Thanking God for the genius of His design even when I can’t appreciate the wonder,
Mom
Taken from Letters to My Daughters. Copyright © 2016 by Barbara Rainey. Published by Bethany House, a division of Baker Publishing Group. All rights reserved.
Editor’s Note: As her daughters began their married lives, Barbara Rainey wanted to share some of the lessons she learned throughout her own marriage as well as those gleaned from years of ministry to couples. In these heartfelt, insightful letters that eventually evolved into the book Letters to My Daughters: The Art of Being a Wife, she answers the tough questions and addresses the realities of marriage. Enjoy this excerpt from the book and visit TheArtofBeingaWife.com for more information.

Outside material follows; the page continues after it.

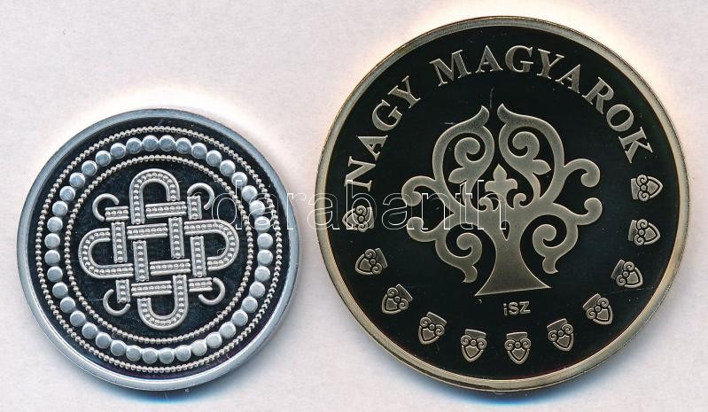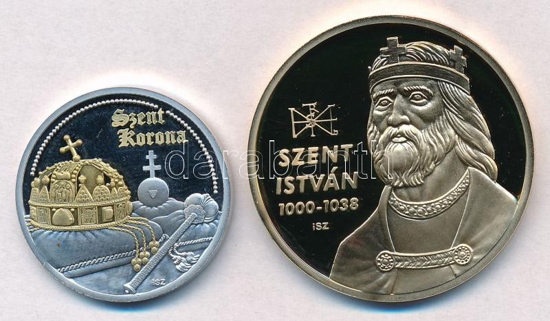 Description: Ifj. Szlávics László (1959-) DN "Szent Korona emlékérem" részben aranyozott, peremén jelzett Ag emlékérem (10g/0.925/30mm) + 2011. "Nagy Magyarok / Szent István 1000-1038" aranyozott Cu emlékérem (40mm) T:PP

Very well said, Barbara!!! It does take years to develop a healthy intimacy that will give pleasure to both spouses. And so wonderfull that you could explain to
Your daughters in such a beautifull way!
Thank you indeed Barbara; I’ve also been listening to the parallel Family Life broadcasts this week, and sincerely appreciate your discussion of this sensitive but important topic. You’ve done a great job of expounding upon and then giving a Biblical perspective to this delicate area of many of our lives. I tried to explore the topic with several trusted sisters before, but could not find an appropriate way to characterize the situation that didn’t sound like my husband and I were having great problems or I was snooping into their intimate lives – so never really got anywhere to understand better. I actually have come to agree, especially with the maturing process and love the tree analogy to how resplendent a good marriage can become (comparatively).
Thank you Barbara, what a beautiful reminder, I get so caught up in him only pleasure I become resentful and not have the desire for sexual intimacy. I love live your book it’s so very helpful.